Sunday, July 5 (5th of July 1874) 

Cosima Wagner Diaries

A letter came yesterday from Marie Schleinitz, reporting the sale of the Menzel water color for Bayreuth (1,200 thalers) and at the same time the death of the charming wife of the Russian ambassador, who threw herself into the lake at Potsdam; I am very touched by what my friend tells me—that she read something I had written to her on the subject of death to Frau von Oubril, and that the latter copied it out for herself and declares it to be her only consolation! … 

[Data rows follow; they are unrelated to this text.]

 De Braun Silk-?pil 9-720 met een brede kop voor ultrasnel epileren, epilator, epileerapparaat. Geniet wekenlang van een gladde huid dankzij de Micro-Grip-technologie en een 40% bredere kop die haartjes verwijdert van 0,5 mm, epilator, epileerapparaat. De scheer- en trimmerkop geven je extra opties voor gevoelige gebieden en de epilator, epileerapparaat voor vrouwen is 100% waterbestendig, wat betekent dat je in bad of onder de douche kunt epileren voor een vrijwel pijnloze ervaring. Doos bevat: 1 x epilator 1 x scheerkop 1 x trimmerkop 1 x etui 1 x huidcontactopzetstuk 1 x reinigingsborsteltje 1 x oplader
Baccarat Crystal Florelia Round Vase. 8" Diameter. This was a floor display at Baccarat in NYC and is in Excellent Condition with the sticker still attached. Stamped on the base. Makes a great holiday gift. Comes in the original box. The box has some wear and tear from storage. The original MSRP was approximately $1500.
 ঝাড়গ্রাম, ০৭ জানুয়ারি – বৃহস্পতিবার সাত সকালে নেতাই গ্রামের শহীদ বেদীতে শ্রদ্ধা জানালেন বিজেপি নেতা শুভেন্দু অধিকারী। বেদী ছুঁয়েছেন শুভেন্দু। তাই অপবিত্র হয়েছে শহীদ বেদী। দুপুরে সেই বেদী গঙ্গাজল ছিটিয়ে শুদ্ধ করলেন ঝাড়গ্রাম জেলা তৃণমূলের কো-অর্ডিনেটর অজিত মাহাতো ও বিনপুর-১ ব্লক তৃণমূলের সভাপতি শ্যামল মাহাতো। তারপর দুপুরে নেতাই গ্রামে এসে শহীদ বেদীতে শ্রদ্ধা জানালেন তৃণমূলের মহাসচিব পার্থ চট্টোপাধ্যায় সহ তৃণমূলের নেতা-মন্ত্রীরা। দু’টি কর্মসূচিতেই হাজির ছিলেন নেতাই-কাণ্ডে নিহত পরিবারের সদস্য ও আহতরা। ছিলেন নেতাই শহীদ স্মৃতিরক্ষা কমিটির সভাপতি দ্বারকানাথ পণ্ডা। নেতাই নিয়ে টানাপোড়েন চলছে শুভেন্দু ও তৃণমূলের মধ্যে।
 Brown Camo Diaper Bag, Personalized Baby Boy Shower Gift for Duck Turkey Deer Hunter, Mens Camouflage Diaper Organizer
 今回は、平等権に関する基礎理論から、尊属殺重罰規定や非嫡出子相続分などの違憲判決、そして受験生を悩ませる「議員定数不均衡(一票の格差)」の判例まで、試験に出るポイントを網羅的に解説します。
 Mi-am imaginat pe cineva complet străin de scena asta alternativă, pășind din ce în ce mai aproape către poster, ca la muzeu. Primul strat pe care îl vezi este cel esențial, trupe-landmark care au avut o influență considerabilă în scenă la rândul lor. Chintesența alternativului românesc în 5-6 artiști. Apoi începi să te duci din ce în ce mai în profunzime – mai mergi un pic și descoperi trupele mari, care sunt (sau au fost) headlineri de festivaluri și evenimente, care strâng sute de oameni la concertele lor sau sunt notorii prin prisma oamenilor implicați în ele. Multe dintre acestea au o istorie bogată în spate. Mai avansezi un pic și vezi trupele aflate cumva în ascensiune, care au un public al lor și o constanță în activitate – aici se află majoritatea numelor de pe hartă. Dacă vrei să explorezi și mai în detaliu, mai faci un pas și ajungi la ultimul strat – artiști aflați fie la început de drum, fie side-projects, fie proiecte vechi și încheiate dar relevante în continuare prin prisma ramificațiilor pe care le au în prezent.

At lunch the talk turns to the new form of interment; our good Richter argues somewhat crudely in favor of burning in a gas oven, saying, “What does it matter to me what is done with me after I am dead?” Whereupon R. asks him who this “I” is of whom he is talking—does he think he never existed before and will never exist again, that his life begins and ends with his own self? He then tells him about the religious burning of bodies in ancient times, also the im portance of their women’s chastity for the afterlife of the whole tribe, and he condemns the crude materialism which reveals itself in this new form of cremation. — 

Wrote to Herr Monod about his speech on the reform of higher education in France, which he sent me. 

Laughed heartily about Rus, who in his shaved state reminds R. of the pig in the Dürer print of Christ on his journey to Hell. 

We begin reading with the children the story of “Der Freischütz” but are interrupted by the visit of the mayor, to whom R. imparts his curious reminiscences of the present minister v. Lutz. 

In the evening went through the first act of Götterdämmerung. At the point where Brünnhilde is lost in contemplation of the ring, R. says to me, “This is surely how women must feel when they are lonely.” In the afternoon he reminded me that my father had once called me a serpent-, when I ask what this means, he says, “Something is done to one, something which suddenly strikes at the heart and leaves one no chance of recovery; women know nothing of it, for men never do it to them.” During the scene between Brünnhilde and Waltraute he says, “Here we are in Tribschen, and Marie Muchanoff, Waltraute, is listening to you extolling your happiness.” 

Expressing his pleasure with the salon yesterday, R. said once again, “How meaningless it would all be if you were not here!”